What you should do ::
Set down the data again exactly. Pictures are not part of the copy.

Information provided ::
────────────────────────────────────────

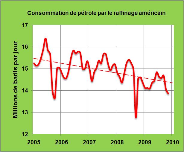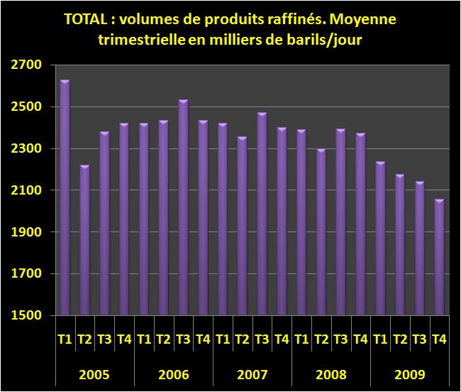 Un autre phénomène à plus long terme est à anticiper, c'est le départ du raffinage et donc de la pétrochimie d'Europe. Plusieurs raisons fondamentales militent pour la réalisation d'un tel évènement. Il y a tout d'abord la volonté des pays producteurs de pétrole et de gaz de s'intégrer vers l'aval afin de mieux valoriser leurs ressources. La Russie le déclare haut et fort, l'Arabie Saoudite est en train de construire d'immenses raffineries, le Qatar va de plus en plus produire de carburants par divers procédés gas-to-liquid. L'autre raison réside tout simplement dans la politique écologique de l'Europe qui a déjà déclenché du "carbon leakage" de ses industries par la baisse rapide des consommations de carburants qui va s'amplifier sous l'effet des prix et des taxes carbones en places ou en cours d'élaboration. Une zone qui voit ses consommations décroître et ses taxes augmenter ne peut pas conserver une telle activité sur ses territoires. Les salariés des raffineries de Total l'ont bien compris.
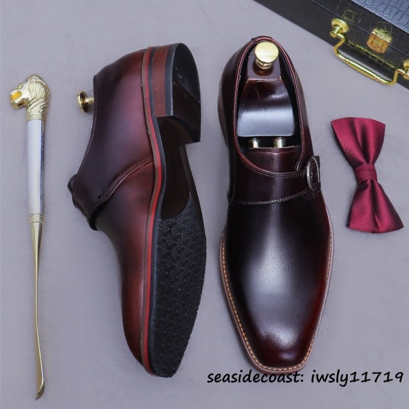 - 定価11万◆メンズ モンクストラップ 最高級 ビジネスシューズ 職人手塗仕上げ 本革 レザーシューズ 天然牛革 紳士靴 革靴 ブラウン 26.0cm
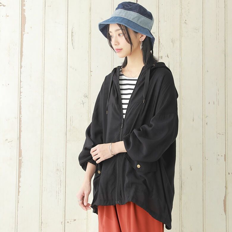 3色の配色デザインが目を惹くデニムパッチワークデザイン。柔らかなコットン混素材で、暖かい季節を中心に活躍します。手洗い出来てお手入れも簡単♪
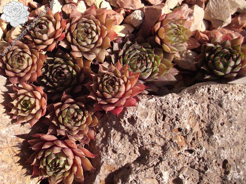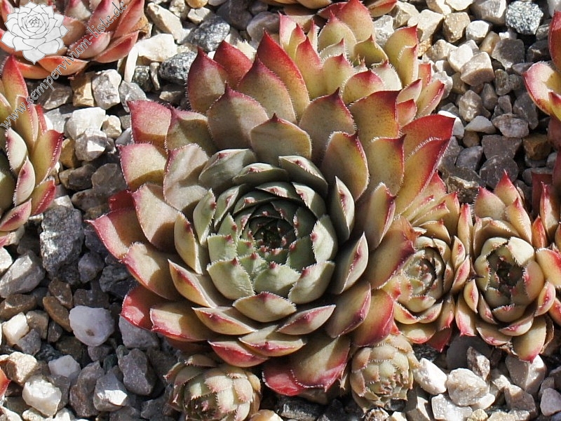 Eine sehr helle Färbung zeigt diese mittelgroße Sorte. Die roten Blattspitzen runden das Bild ab. Leider nur wenige Rosetten.

────────────────────────────────────────

Completed exercise ::
 Un autre phénomène à plus long terme est à anticiper, c'est le départ du raffinage et donc de la pétrochimie d'Europe. Plusieurs raisons fondamentales militent pour la réalisation d'un tel évènement. Il y a tout d'abord la volonté des pays producteurs de pétrole et de gaz de s'intégrer vers l'aval afin de mieux valoriser leurs ressources. La Russie le déclare haut et fort, l'Arabie Saoudite est en train de construire d'immenses raffineries, le Qatar va de plus en plus produire de carburants par divers procédés gas-to-liquid. L'autre raison réside tout simplement dans la politique écologique de l'Europe qui a déjà déclenché du "carbon leakage" de ses industries par la baisse rapide des consommations de carburants qui va s'amplifier sous l'effet des prix et des taxes carbones en places ou en cours d'élaboration. Une zone qui voit ses consommations décroître et ses taxes augmenter ne peut pas conserver une telle activité sur ses territoires. Les salariés des raffineries de Total l'ont bien compris.
 - 定価11万◆メンズ モンクストラップ 最高級 ビジネスシューズ 職人手塗仕上げ 本革 レザーシューズ 天然牛革 紳士靴 革靴 ブラウン 26.0cm
 3色の配色デザインが目を惹くデニムパッチワークデザイン。柔らかなコットン混素材で、暖かい季節を中心に活躍します。手洗い出来てお手入れも簡単♪
 Eine sehr helle Färbung zeigt diese mittelgroße Sorte. Die roten Blattspitzen runden das Bild ab. Leider nur wenige Rosetten.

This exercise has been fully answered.